What you will do:
Could you transcribe every entry below exactly, leaving out the pictures?

START Stored data

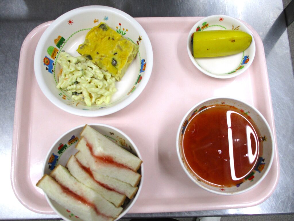 🍞パン🍓ジャム🍅ミネストローネ🥚スパニッシュオムレツ🥗マカロニサラダ🍌バナナ
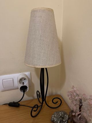 Conjunto de dos lamparitas con base de forja negra y pantalla. - Base de metal forjado color negro con diseño curvo. - Pantalla de tela en tono beige. Medida en foto
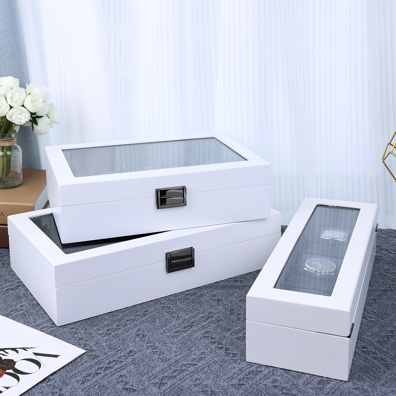 高级感白色哑光6位10位12位烤漆木质喷漆手表盒带小枕头新款
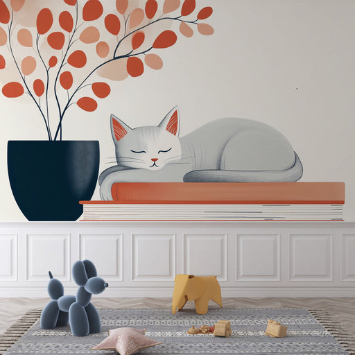 Cat Mural Wallpaper | Drawing on a Neutral Background
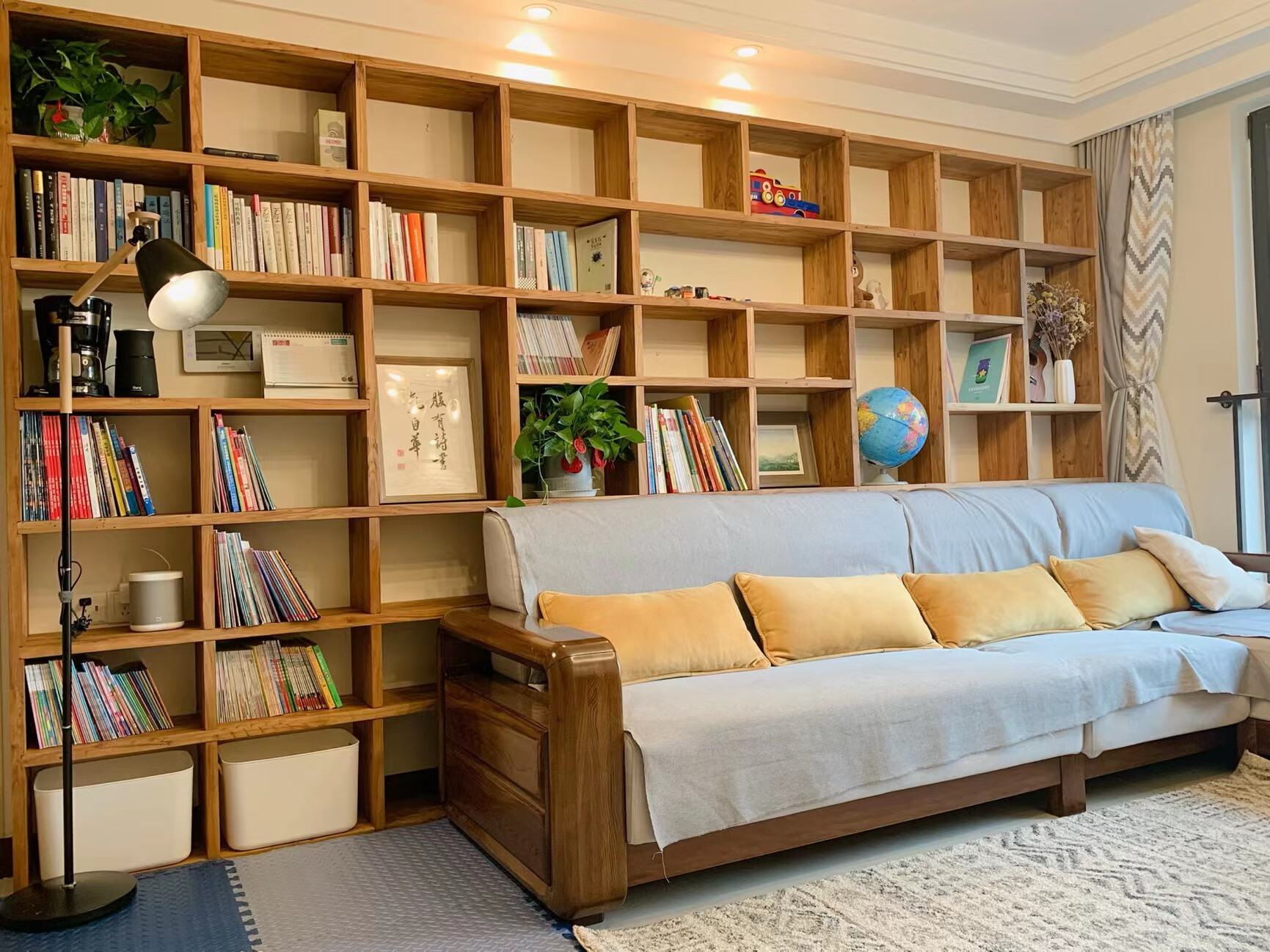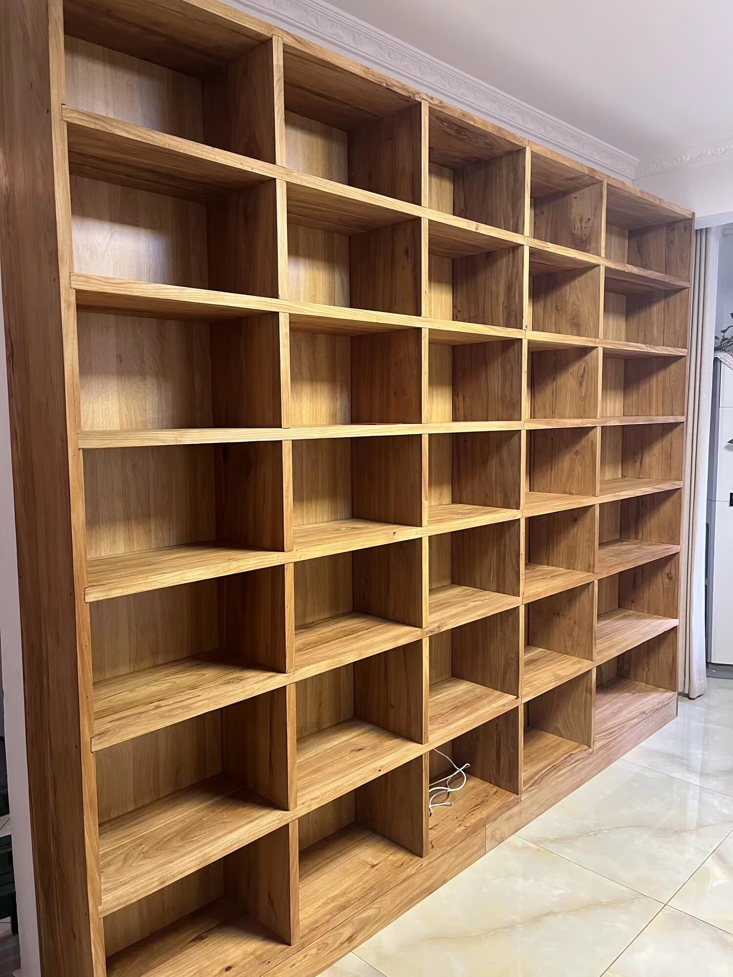 定制老榆木书架落地书柜隔断吊柜实木书柜格子架置物定做满墙书架 原木 3cm厚老榆木板定制设计
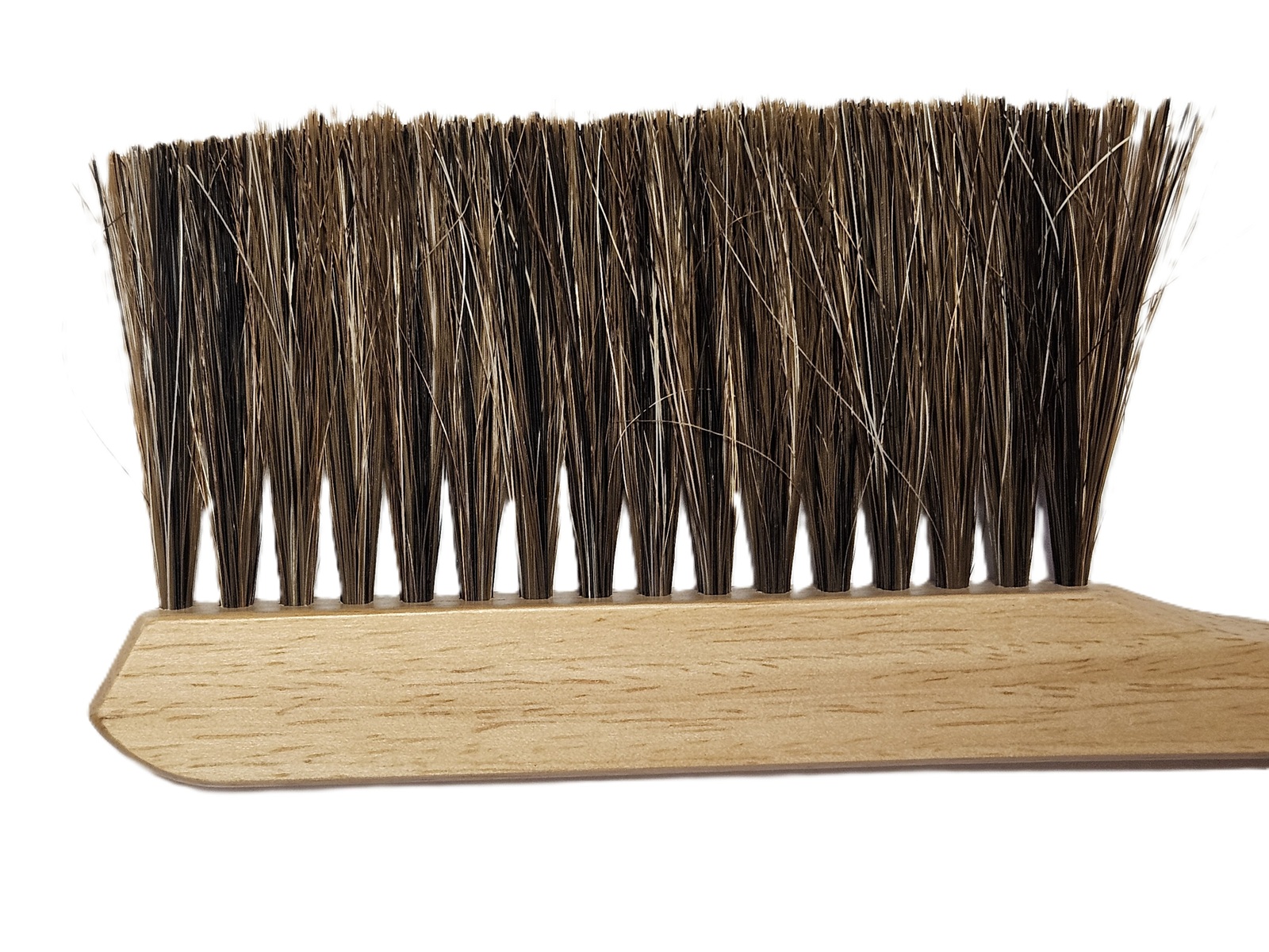Kapesní včelařský smetáček s rukojetí. Je vhodný k jemnému a ohleduplnému ometení včel z plástů, které jsou připravené na vytočení. Smetáček neublíží včelám, ani nepoškodí plásty s medem.
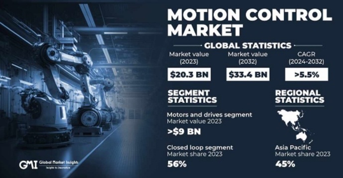 隨著工業(yè)自動化、智能制造和物聯網的發(fā)展,市場對運動控制解決方案的需求持續(xù)增長。作為驅動機械運動的關鍵技術,電機和運動控制系統(tǒng)被廣泛應用于工業(yè)自動化、機器人、消費電子、醫(yī)療設備、自動駕駛以及智能家居等多個行業(yè)。據市場調研公司GMI預測,2023年,全球運動控制市場的規(guī)模約為203億美元;市場預計在2024至2032年期間的復合年增長率(CAGR)為5.5%,2032年,市場規(guī)模預計達到334億美元。

END Stored data

Result:
 🍞パン🍓ジャム🍅ミネストローネ🥚スパニッシュオムレツ🥗マカロニサラダ🍌バナナ
 Conjunto de dos lamparitas con base de forja negra y pantalla. - Base de metal forjado color negro con diseño curvo. - Pantalla de tela en tono beige. Medida en foto
 高级感白色哑光6位10位12位烤漆木质喷漆手表盒带小枕头新款
 Cat Mural Wallpaper | Drawing on a Neutral Background
 定制老榆木书架落地书柜隔断吊柜实木书柜格子架置物定做满墙书架 原木 3cm厚老榆木板定制设计
Kapesní včelařský smetáček s rukojetí. Je vhodný k jemnému a ohleduplnému ometení včel z plástů, které jsou připravené na vytočení. Smetáček neublíží včelám, ani nepoškodí plásty s medem.
 隨著工業(yè)自動化、智能制造和物聯網的發(fā)展,市場對運動控制解決方案的需求持續(xù)增長。作為驅動機械運動的關鍵技術,電機和運動控制系統(tǒng)被廣泛應用于工業(yè)自動化、機器人、消費電子、醫(yī)療設備、自動駕駛以及智能家居等多個行業(yè)。據市場調研公司GMI預測,2023年,全球運動控制市場的規(guī)模約為203億美元;市場預計在2024至2032年期間的復合年增長率(CAGR)為5.5%,2032年,市場規(guī)模預計達到334億美元。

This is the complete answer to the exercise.